◆ RECORD EXCERPTS
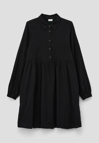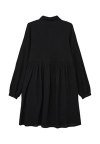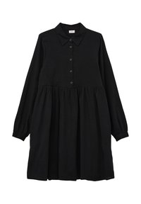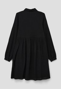 Robe noire boutonnée en tissu texturé. Comprend un col, des manches longues et une taille froncée pour une silhouette fluide.
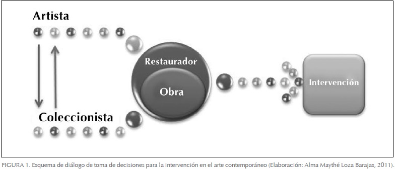 A continuación se muestra un gráfico del esquema planteado, en el que se observa, de izquierda a derecha, la relación entre el artista y el coleccionista, transmitida a través del restaurador, quien actúa -permítasenos insistir en ello- como intermediario por medio de la obra, con el fin de establecer las bases para la toma de decisiones de restauración de arte contemporáneo (Figura 1).
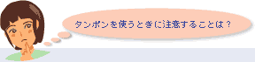 タンポンの長時間使用や出し忘れは、膣炎や骨盤腹膜炎などを引き起こすこともあります。ナプキン並みに取り替え、出血量が少なくなったらナプキンに変えたほうが良いでしょう。吸収力が高いからといって、“頼りっぱなし・入れっぱなし”は御法度です。 |
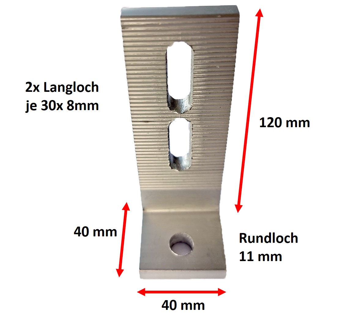 Produktinformationen "Winkel Doppel Langloch Alu Extra Stabil 120x40x9mm Solar PV Aluwinkel"
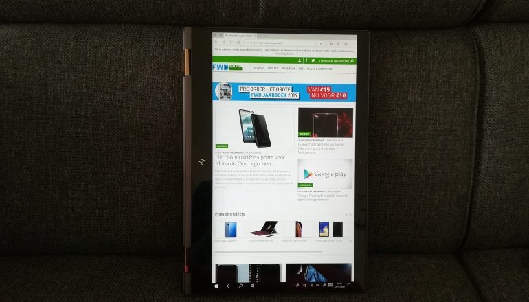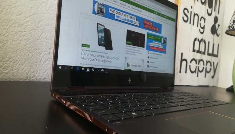 De HP Spectre x360 in 15,6-inch (39,6 centimeter) heeft een resolutie van 3.840 bij 2.160 pixels. Het 4k ips BrightView wled-backlit touchscreen met Corning Gorilla Glass kun je zo helder instellen dat het bijna pijn doet aan de ogen, en dat is in dit geval zeker geen nadeel. Het contrast van het scherm is prima en ook de kleurweergave is dik in orde. Foto’s in hoge resolutie bewerken of bekijken of een video in een 4k-resolutie bewonderen is een lust voor het oog. De schermranden aan de zijkant zijn relatief dun, maar boven en onder iets dikker, mede door de camera die we bovenaan het scherm vinden. Storend is het zeker niet, want bij een convertible die je ook als tablet kunt gebruiken wil je liever geen hele dunne schermranden, omdat je anders al snel per ongeluk het scherm aanklikt in de tabletstand. Het touchscreen werkt verder ook snel en responsief en het display is afgewerkt met glas, wat het premium design uiteraard nog verder ten goede komt. Komt er veel daglicht naar binnen of zit je buiten te werken met deze convertible? Dan heb je wel last van spiegelingen op het scherm.
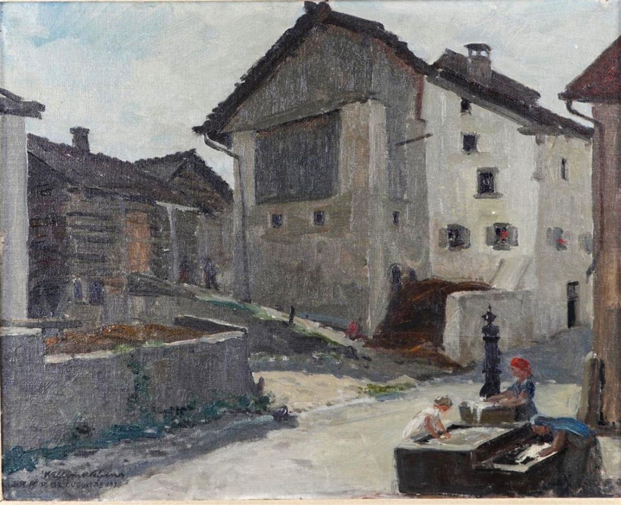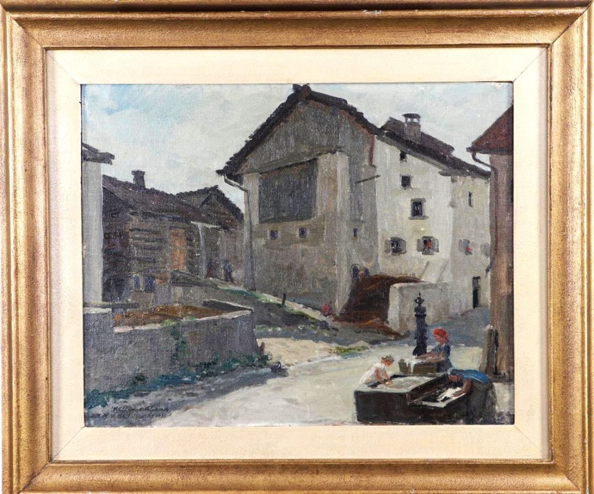 Willem Witjens, Washhouse, Brienz, Switzerland, signed and annotated (lower left), oil on canvas on panel, marouflé.
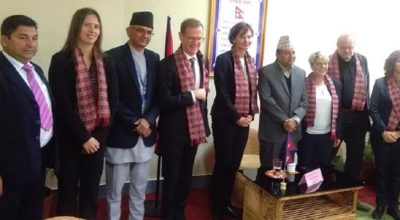 १९ फागुन, बुटवल । प्रदेश नम्बर ५ का मुख्यमन्त्री शंकर पोखरेलसँग जर्मनीका राजदूत रोल्याण्ड स्याफर सहितको टोलीले
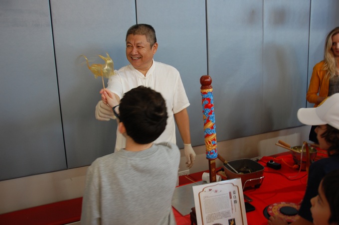 世界非遗促进会大师面塑雕塑艺术家张桐人、剪纸艺术家张月英、糖塑艺术家姜自胜现场表演面塑、吹糖、剪纸等传统手工技艺类非遗项目。
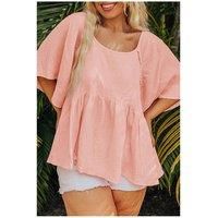 Elevate your wardrobe with the Apricot Pink Plus Size Textured Wide Short Sleeve Babydoll Blouse. This chic and flattering blouse features a textured fabric that adds depth and visual interest to your outfit. Designed with on-trend wide sleeves and a timeless crew neck it offers a touch of drama and sophistication. Perfect for various occasions this versatile piece will become a staple in your plus-size collection. | Everyday The Label Women's Apricot Pink Plus Size Textured Wide Short Sleeve Babydoll ...
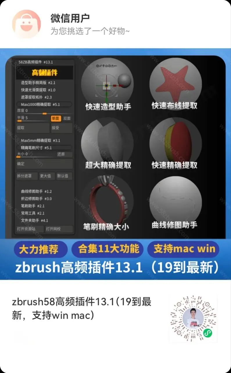 zbrush58高频插件更新13.1,兼容2019到到2026版本更高版本 (1)免费学习解答分享(周老师微信15767872372) 高频插件已经更新 (2)zbrush学习群全部免费|进群+雕刻资料) (3)付费课程了解ZBrush雕刻系列付费课程!
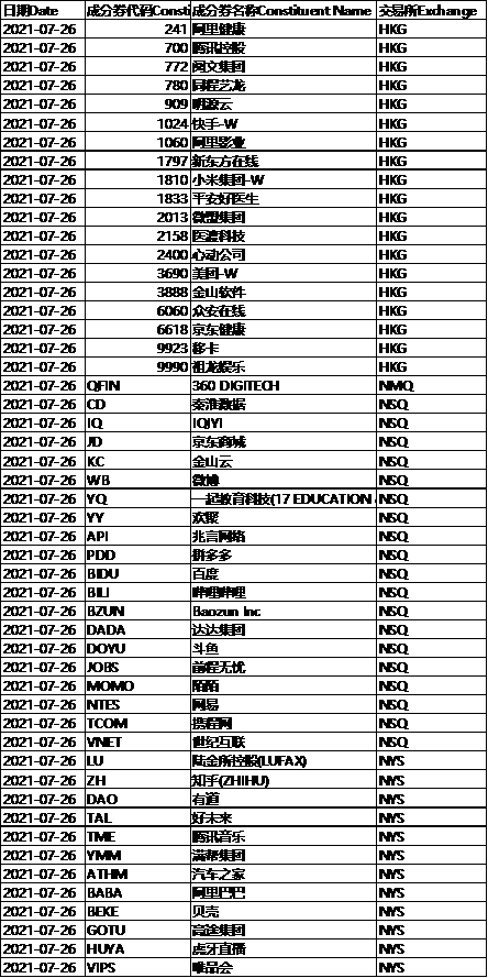 作为样本股,采用自由流通市值加权计算,反映在海外交易所上市知名中国互联网企业的投资机会。
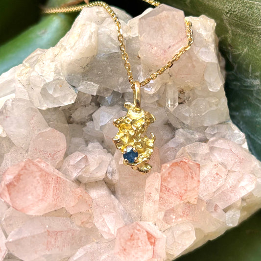 Pendentif Pépite - Or Jaune 750/1000 & Saphir

◆ EXERCISE PROMPT
Exactly the lines above from the one that contains "タンポンの長時間使用や出し忘" down to the one that contains "Doppel Langloch Alu" are to be output, both ends kept and pictures omitted.

◆ SOLUTION TO THE PROBLEM
 タンポンの長時間使用や出し忘れは、膣炎や骨盤腹膜炎などを引き起こすこともあります。ナプキン並みに取り替え、出血量が少なくなったらナプキンに変えたほうが良いでしょう。吸収力が高いからといって、“頼りっぱなし・入れっぱなし”は御法度です。 |
 Produktinformationen "Winkel Doppel Langloch Alu Extra Stabil 120x40x9mm Solar PV Aluwinkel"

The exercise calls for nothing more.